Source data:
■ ■ ■
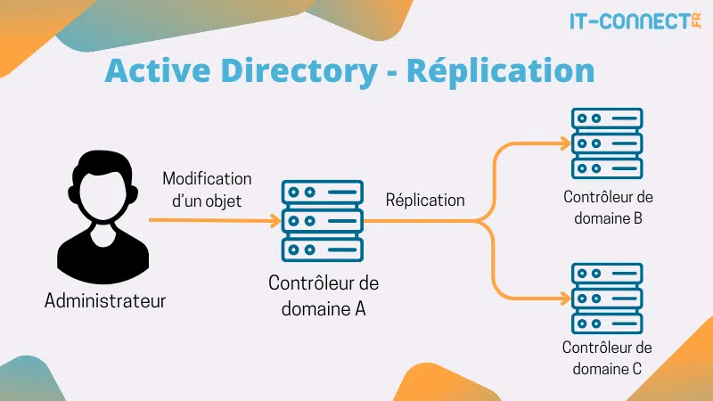 Lorsqu’un contrôleur de domaine souhaite obtenir la liste des dernières modifications sur les objets de l’Active Directory auprès d’un autre, il va simplement effectuer une demande de synchronisation, que l’on nomme également dans l’environnement Active Directory "réplication".
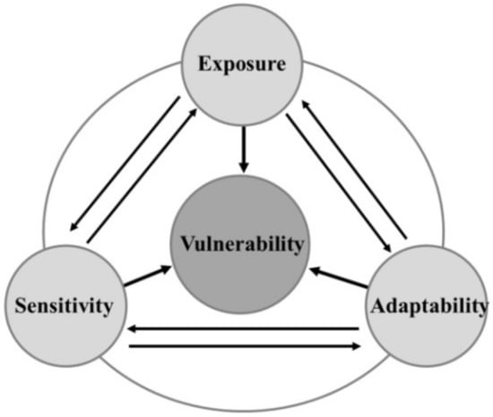 Vulnerability, as an important component of risk assessment, characterizes the degree of disaster suffered [,,]. The IPCC defines vulnerability as the degree to which a system is vulnerable or unable to cope with the adverse effects of climate change []. With the advancement of vulnerability research, vulnerability is considered to be the combined result of exposure, sensitivity and adaptability (Figure 2) [,].
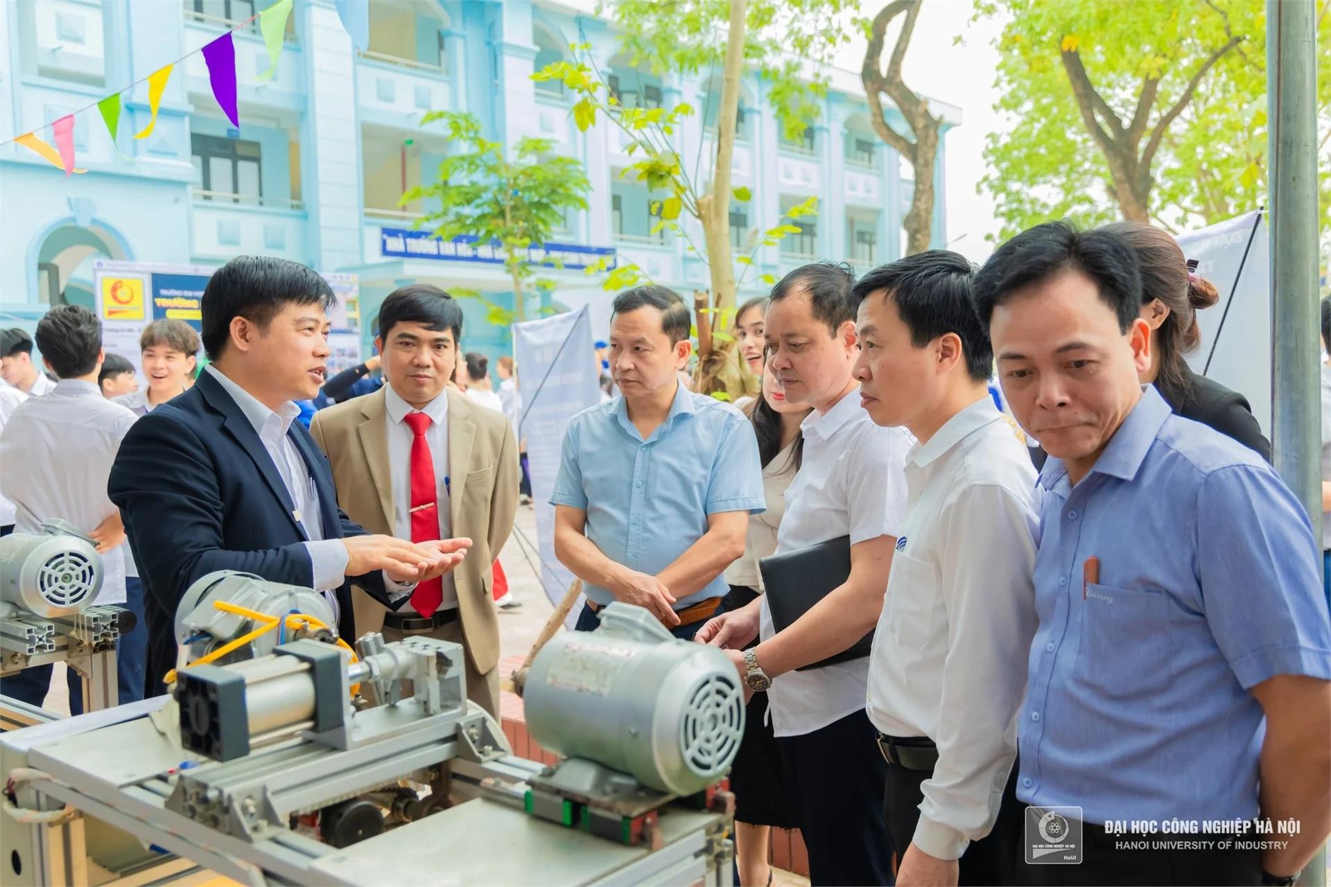 PGS.TS. Hoàng Tiến Dũng – Hiệu trưởng Trường Cơ khí – Ô tô, Đại học Công nghiệp Hà Nội, thầy Nguyễn Thanh Hải – Phó Trưởng phòng Giáo dục và Đào tạo huyện Phúc Thọ tham quan gian hàng sản phẩm sáng tạo STEM.
■ ■ ■
What you need to do:
The result should be an exact copy of the material, containing no pictures.

Response to this task:
 Lorsqu’un contrôleur de domaine souhaite obtenir la liste des dernières modifications sur les objets de l’Active Directory auprès d’un autre, il va simplement effectuer une demande de synchronisation, que l’on nomme également dans l’environnement Active Directory "réplication".
 Vulnerability, as an important component of risk assessment, characterizes the degree of disaster suffered [,,]. The IPCC defines vulnerability as the degree to which a system is vulnerable or unable to cope with the adverse effects of climate change []. With the advancement of vulnerability research, vulnerability is considered to be the combined result of exposure, sensitivity and adaptability (Figure 2) [,].
 PGS.TS. Hoàng Tiến Dũng – Hiệu trưởng Trường Cơ khí – Ô tô, Đại học Công nghiệp Hà Nội, thầy Nguyễn Thanh Hải – Phó Trưởng phòng Giáo dục và Đào tạo huyện Phúc Thọ tham quan gian hàng sản phẩm sáng tạo STEM.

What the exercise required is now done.